Sidi Saïd dénonce les grèves

Le Soir d’Algérie, 29 octobre 2016

Ce jeudi, le secrétaire général de l’UGTA a abordé la question de la grève, considérant que son organisation syndicale est experte en la matière mais favorise le dialogue.
«Quand nous, nous faisions des grèves, les gens dormaient, ils n’étaient pas encore nés. Nous, nous avons un doctorat dans les mouvements de grève depuis longtemps, mais aujourd’hui nous avons un doctorat dans la concertation et la communication.»
Tout en affirmant que là est la clé de la paix et de l’épanouissement et de la stabilité sociale et économique, Sidi Saïd se dit convaincu qu’à travers un débat mené avec sagesse, on trouve des facilités à solutionner les problèmes. Et de dire «l’anarchie n’apporte rien, à la fin de la grève qu’as-tu apporté pour les travailleurs ?».

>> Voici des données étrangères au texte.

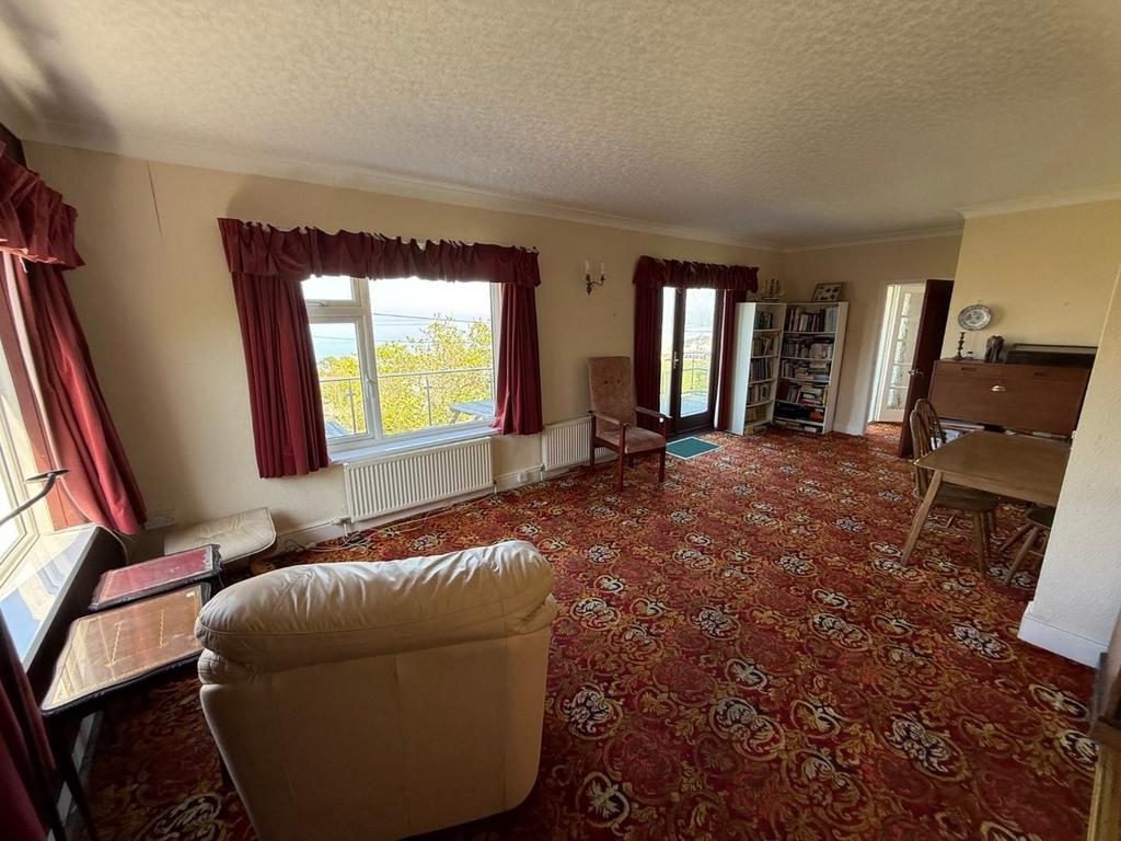 24' 4" x 21' 3" (7.42m x 6.48m) designed to maximise the glorious views to the front of the property over Cardigan Bay with large double glazed window to front and side, patio door leading out to front patio with glass balustrade, 2 central heating radiator, electric fireplace and surround, wall lights.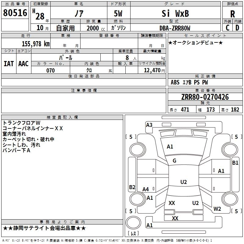TOYOTA NOAH 2016 г., лот № 80516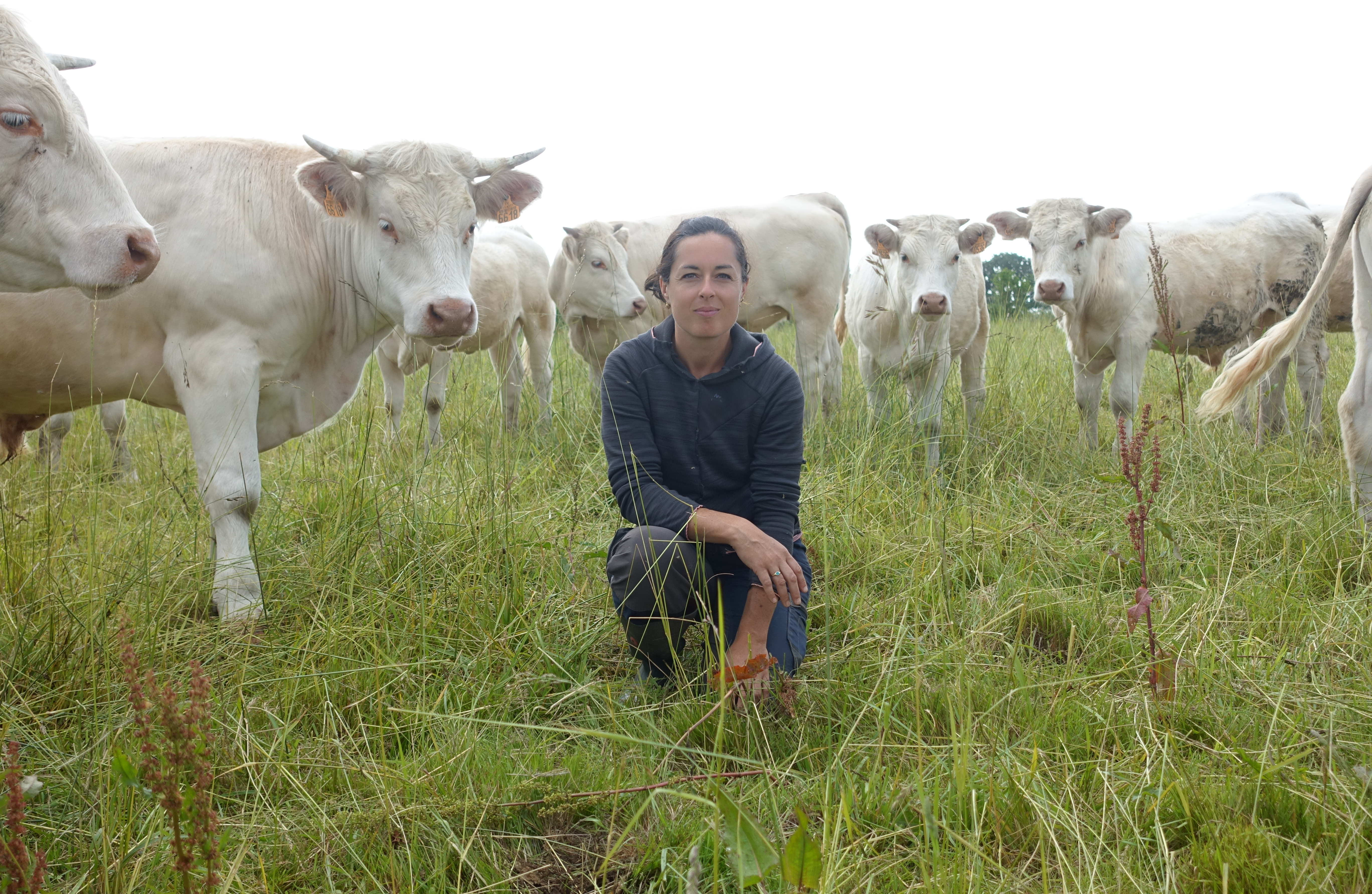 Notre troupeau est constitué de vaches et de génisses de race Charolaise, nées et élevées sur notre ferme. La race charolaise est une race rustique qui correspond tout à fait à notre système (quasi plein air et tout herbe) : elle s'adapte très facilement aux contraintes extérieures et à l'élevage extensif à base de prairies naturelles. Nos vaches sont nourries exclusivement à l'herbe. De Mai à décembre, elles pâturent dans les prés attenant à la ferme et dans les marais du lac de Grand Lieu. De janvier à avril, pendant la période des vêlages, elles sont nourries au foin et à l'enrubannage. Les veaux sont avec leur mère de la naissance (février/mars) jusqu'au sevrage qui a lieu vers le mois de novembre, lorsque l'herbe se fait plus rare. Au sevrage, les veaux sont regroupés et mis à l'abri sous la stabulation. Un fourrage de qualité (enrubannage) leur est fourni afin de répondre à leur besoin important de croissance.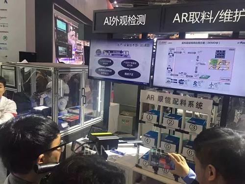 中間那位帶著VR眼鏡的小伙伴,是不是特出挑?他在干嘛呢?他在觀看個(gè)性化定制示范產(chǎn)線,能看到離展臺(tái)老遠(yuǎn)的地方那條導(dǎo)入三菱電機(jī)e-F@ctory解決方案的示范產(chǎn)線。從下達(dá)生產(chǎn)指令,到最后拿到定制化成品,e-F@ctory貫穿其中,全面提升與改善整條生產(chǎn)線。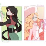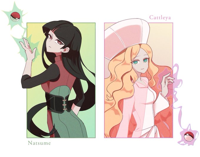 #ポケモントレーナー版深夜の真剣お絵描き60分一本勝負 クィーン系超能力タイプトレーナー & プリンセス系超能力タイプトレーナー 「黒髪ストレート」と「ブロンドカール」🥰 Queen type(Sabrina) & Princess type(Caitlin)

Venu présider une réunion des membres du secrétariat national et des secrétaires généraux des unions de wilayas de son organisation, en présence du ministre des Travaux publics et des Transports, Boudjemaâ Talaï, en qualité de représentant du Premier ministre, ce jeudi le SG de l’UGTA a tenu à rappeler deux décisions historiques prises par le président de la République. La réconciliation nationale et le paiement par anticipation de la dette algérienne.
Cette dernière décision prise par le président de la République a permis, dira Sidi Saïd, d’éviter le licenciement de milliers de travailleurs. «Cette intelligence de décisions importantes permet aujourd’hui de traverser une étape difficile en toute sérénité. Et je considère que notre mobilisation aujourd’hui a un rôle important ; créer la confusion, verser dans l’insulte, c’est facile.»
Pour le SG de l’UGTA, l’authenticité des convictions protège tout un chacun, «lorsqu’on participe en tant qu’acteur pour construire le pays, quelles que soient nos divergences, gardons en considération la stabilité du pays. Personne n’a le droit de casser cette stabilité et cette paix, c’est une ligne rouge pour nous tous parce qu’en cas de déstabilisation on paiera tous».
A. B.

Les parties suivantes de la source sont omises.